Our study had certain limitation. First, some PFS data were missing in the included studies, and this study only extracted the HR value and 95% CI value of the included study rather than the initial data of the study, which could have a greater impact on our results. Second, the studies included were retrospective studies. In the process of extracting data, such as sample size, type of ICIs treatment, and duration of PPI exposure, region, and age, the detailed information of relevant data could not be known, which could lead to certain limitations in the overall and subgroup analysis of this study. Third, this study only included studies published in English, while those published in other languages, for instance, Chinese, were not included, which could indirectly lead to increased heterogeneity of this study.

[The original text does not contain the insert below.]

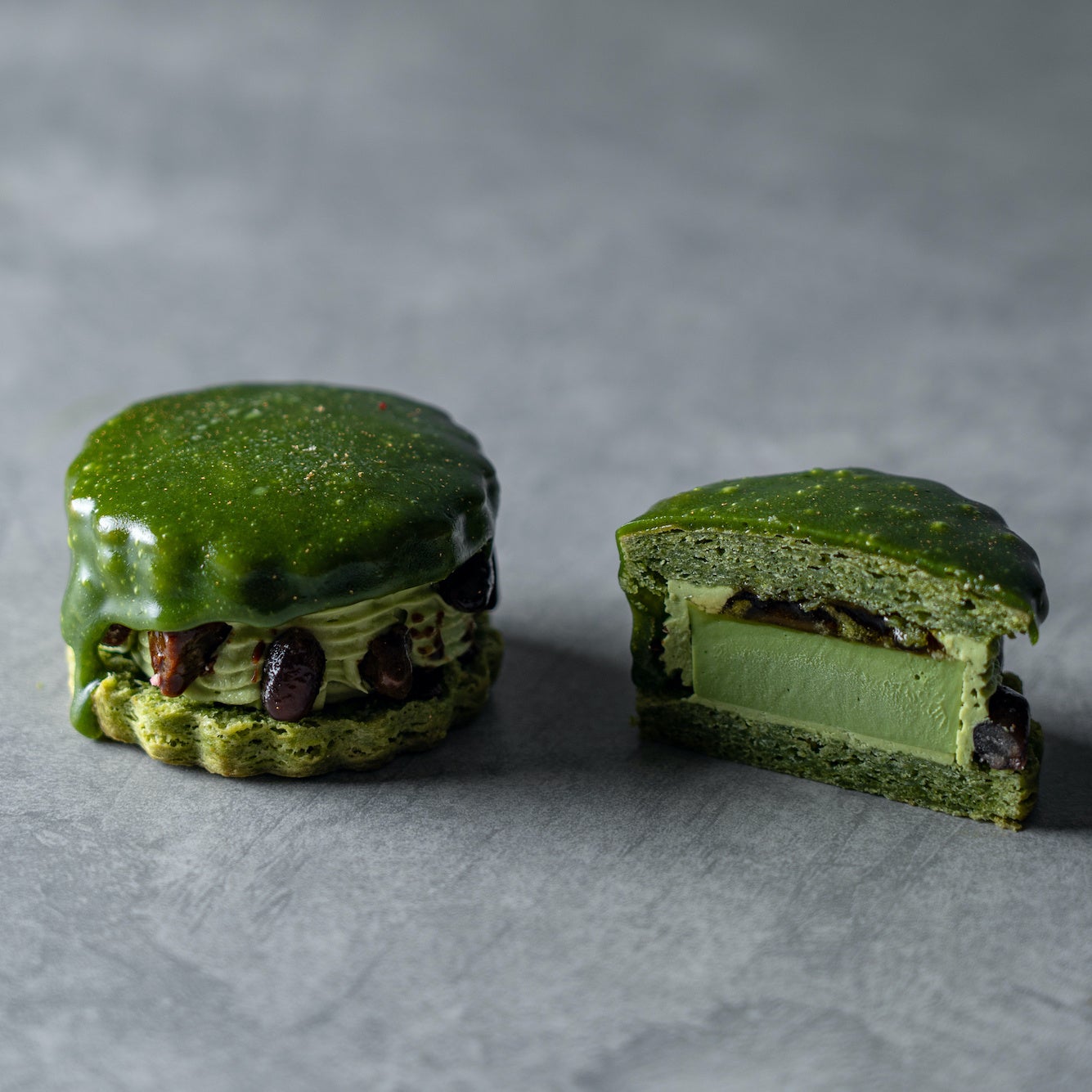 宇治抹茶の緑鮮やかなスコーン生地に、香り豊かな宇治抹茶のムースと宇治抹茶クリーム、濃く深い味わいを引き立てる黒糖ジュレをサンドしています。香ばしい黒糖ロッシェと小豆でトッピングし、宇治抹茶のグラサージュに金粉を添えて和の風合いに仕上げました。
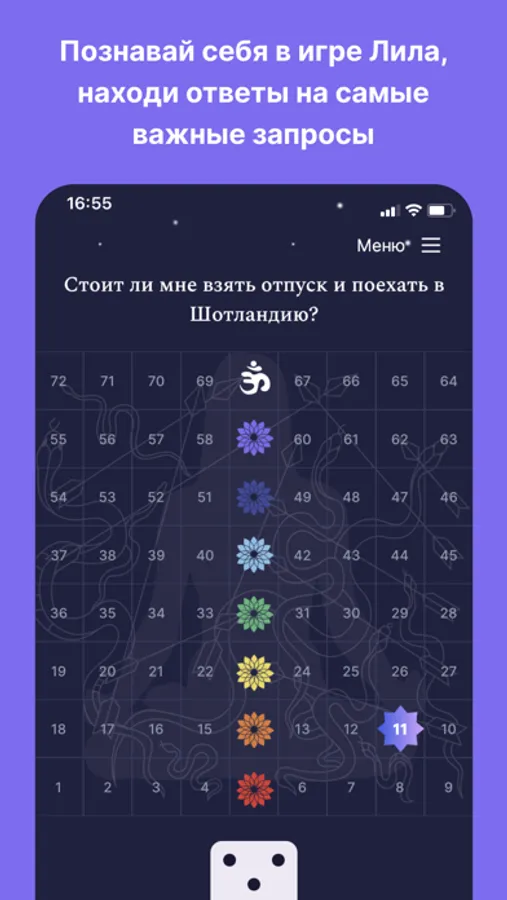 Лила - самая древняя игра самопознания. С её помощью ты сможешь сделать качественный скачок в своём развитии! Если ты стоишь перед серьёзным выбором, и боишься сделать неправильный. Если ищешь своё предназначение. Если хочешь узнать, что принесёт финансовый успех. Запросы любого характера: любовь, отношения, финансы, поиск любимого дела, здоровье, личностный и профессиональный рост и тд. Просто введи запрос в поле и наслаждайся игрой!

Finally, it was found that there was no direct study proving the association between the PPI use and the clinical efficacy of ICIs in NSCLC. Hence, more research related to this becomes imperative.

5. Conclusion

In conclusion, our meta-analysis found that PPI combined with ICIs in the treatment of NSCLC patients possibly resulted in poor OS and PFS. In term of subgroup analysis, PPI use had a poor prognosis for patients having received PD-L1 or PD-1 treatment, or those who received PPI drugs at 30 days before and/or after ICIs initiation. Simultaneously, the effect of PPI on patients of different age groups was also different. Hence, in clinical practice, we need to be extremely cautious in the PPI use to avoid the influence in the efficacy of ICIs. Nevertheless, the concrete mechanism between the use of PPI and the efficacy of ICIs needs to be further studied, so as to further improve the clinical treatment level of the related tumors.